European Economy: Why a Top Credit Suisse Advisor Likes Europe

Nicole Primack has never liked idle time. Just one day after graduating from Vassar College in 1990, she started her first full-time job on Wall Street. She never left.

These days, the Credit Suisse financial advisor wakes up at 4:30 a.m. daily. Within two hours, she has already made the commute from her suburban New Jersey home to the Credit Suisse headquarters in Manhattan's Flatiron district.

"It's a very disciplined lifestyle, almost robotic in a way," says Primack, who can sound as much like a life coach as a financial advisor. Her daily 6 a.m. exercise routine at the corporate gym is "like my caffeine," she says.
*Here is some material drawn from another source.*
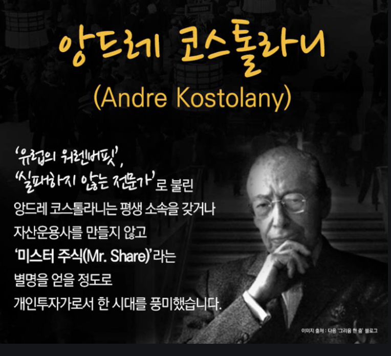 - 앙드레 코스톨라니는 삼성전자와 같은 우량주 사놓고 그냥 쳐다보지 말고 있으라고 합니다.

At night, she won't go to sleep before finishing every item on her daily task list.

The routine pays off: Over the past two decades, Primack, 46, has built a thriving practice from the ground up. Her three-person team manages $1.2 billion in assets for 80 families, with a typical account of $10 million. Last year, Primack ranked No. 21 on Barron's list of Top 100 Women Advisors.

Primack has held tax-advantaged municipal bonds in her accounts, "in all interest-rate environments." The key, according to Primack, is to stick with the high-quality issues: water, sewer, power, infrastructure, and higher education. Those areas tend to avoid the blowups that have faced issuers with less-secure revenue streams.
"You don't buy Newark Airport ticket-receipt bonds," Primack offers as an example. "You buy the schools, the general-obligation bonds, the essential services."

Meanwhile, Primack is content to hold the bonds until maturity, or until they're called, collecting income regardless of what happens to interest rates.